There was a small black dot at the center of the O. The magnetic decoration came off easily, and I turned it over in my hand. “It’s your tracker. We’ve been chasing this cat?”
Scarlett peeled away, bowing her head and carrying on a muted conversation with her team over their earpieces. Malcolm joined her.
Jayce absently stroked the cat. “They’re not having any luck finding Noah.”
“Is Brie sure it was him?” I stuffed the tracker into my pocket. Apparently, we hadn’t hired the best heist crew. “What if someone else saw you put the tracker on the dragonfly’s head?”
“Not likely.” She blew a raspberry. “And your face is bleeding.”
With the pounding at the back of my skull, I’d barely registered the throbbing across my temple. I tapped a finger at the spot where the cat had clawed me, coming away with blood. It was already sticky. “Fucking cat.”
“No less than you deserve for that bullshit move.”
“Maybe you didn’t attach it securely. Maybe it fell on the floor and—”
“Are you honestly suggesting this cat was wandering around upstairs and no one noticed?” She placed the cat on the counter, its purring growing louder as she stroked its head.
“Why not? You’re suggesting a ghost snuck past us, took the tracker off—a tracker, you claim no one saw you put in place—and attached it to the cat’s collar?”
“Chaos!” She flung an arm in the air, not disguising her irritation. “It’s all part of his plan. Get us running around this building while he makes off with the chip.”
“If it was really part of his plan…” Something wasn’t adding up. It was all too convenient. There was another level to this job. “This isn’t a random cat. He brought the cat, knowing the tracker would be on the dragonfly’s head. He planned it so he could put the tracker on the cat.”
Jayce’s hand froze on the cat’s back. “If Noah did all that, he had to be privy to our plans. Who had access? Who knew about the tracker?”
“Your team. My team.” Who else was there when Jayce ran through her plans yesterday afternoon? Everyone had been moving around the space. “Liana? Her staff? The carpenters?”
“Liana said no to the tracker.” Jayce grew serious, her irritation with me replaced by an intense focus. “Our teams were there—except for Zaria—and Liana. That was it. Even if someone had been listening in, they would have heard Liana decline.”
I picked my phone up off the floor. “Whether or not Brie genuinely saw Noah, he’s not behind this.”
“If Noah’s here, heisbehind it.”
I pointed at the cat with my phone, which was greeted by a hiss. Stupid cat. “He’s part of an inside job.”
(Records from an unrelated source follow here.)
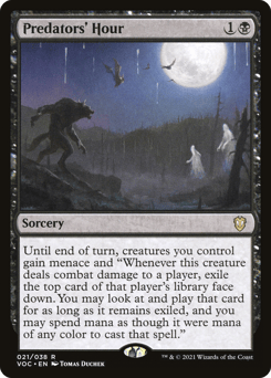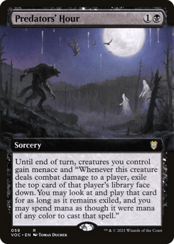 Until end of turn, creatures you control gain menace and "Whenever this creature deals combat damage to a player, exile the top card of that player's library face down. You may look at and play that card for as long as it remains exiled, and you may spend mana as though it were mana of any color to cast that spell."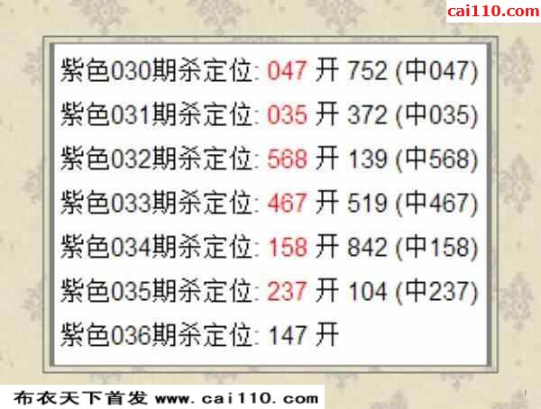 紫色2023036期杀定位:147
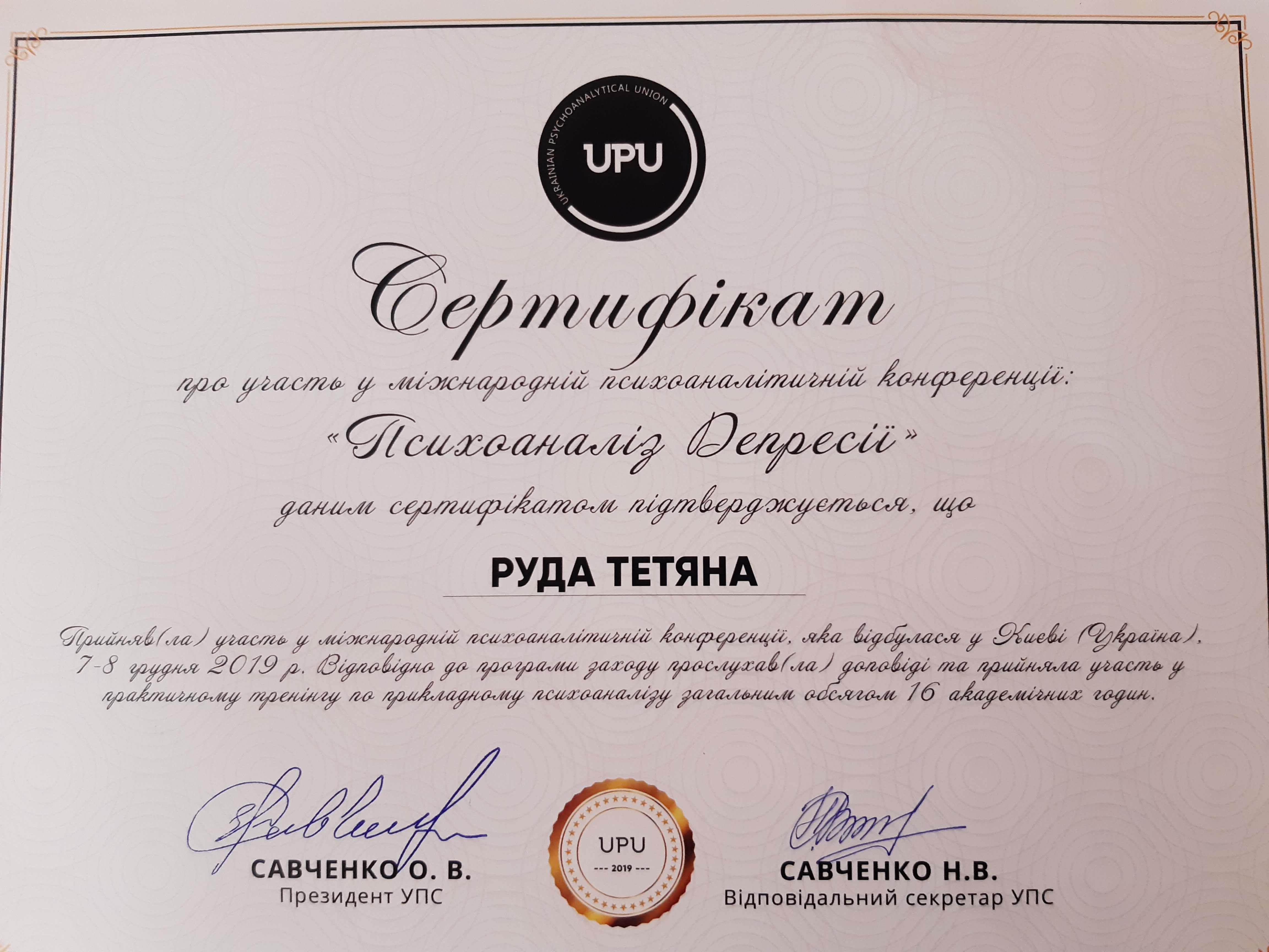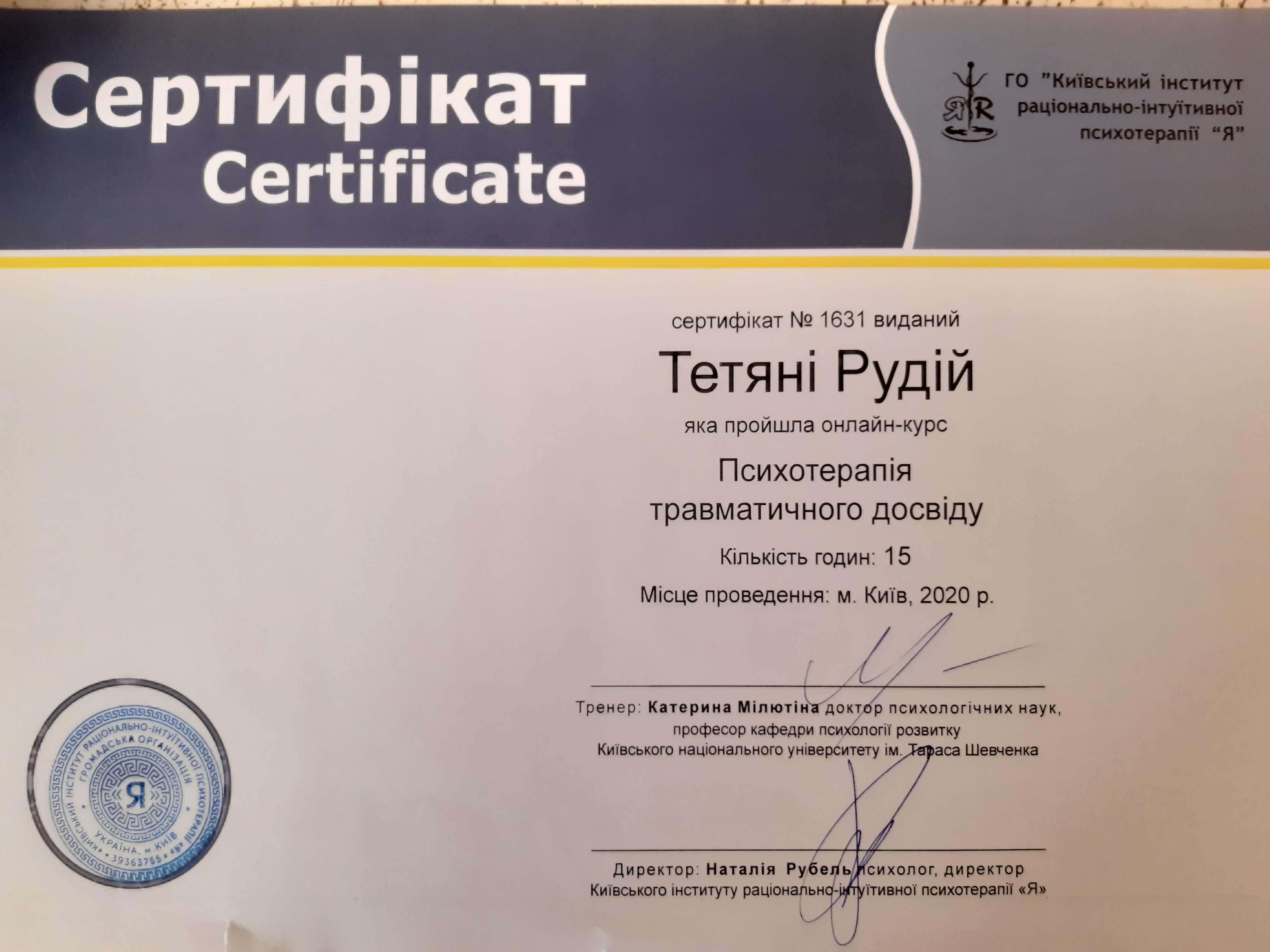 Сертифікати:

“Are you accusing my team of something?.” Not only was she in touch with all of her teammates—meaning they couldn’t have snuck around and stolen anything without her knowing—but she trusted them implicitly.
Must’ve been nice.
“I’m not.” I huffed out a breath. If it was an inside job, her team wasn’t behind it—it was either someone from mine or the security team. Rav and Malcolm had done background checks, but they could have missed something. “Is Brie having any luck with the cameras? Or our comms?”
“Will’s working on the comms. He thinks he’s almost got it. Rav and Brie are hacking directly into the cameras, rather than piggybacking off Craig’s signal.”
“Where’s Zaria?”
Jayce conveyed the question to her team, and Scarlett looked over from across the room. “With Emmett. They went back to the patio to monitor comings and goings.”
“Still no sign of Wyatt?”
Her mouth opened and hung there. Good. It wasn’t just me. She was coming to the same conclusion. “He’s not in trouble, is he?”
“He knew about the tracker, knew all of our planned movements, knew every one of the staff on the security team.”
Jayce began walking backward toward the stairwell. “We need to ask the security team if he left.”
I kept up with her, increasing my speed the farther we got. “His little ploy? Calling me just before he was attacked? It was nothing more than that—a ploy. The guard working the stairs went to look for him and that camera’s down. He had full access to the emergency stairwell.”
Jayce spun toward the door, picking up to a jog. “If he left through the emergency exit, it would’ve triggered an alarm.”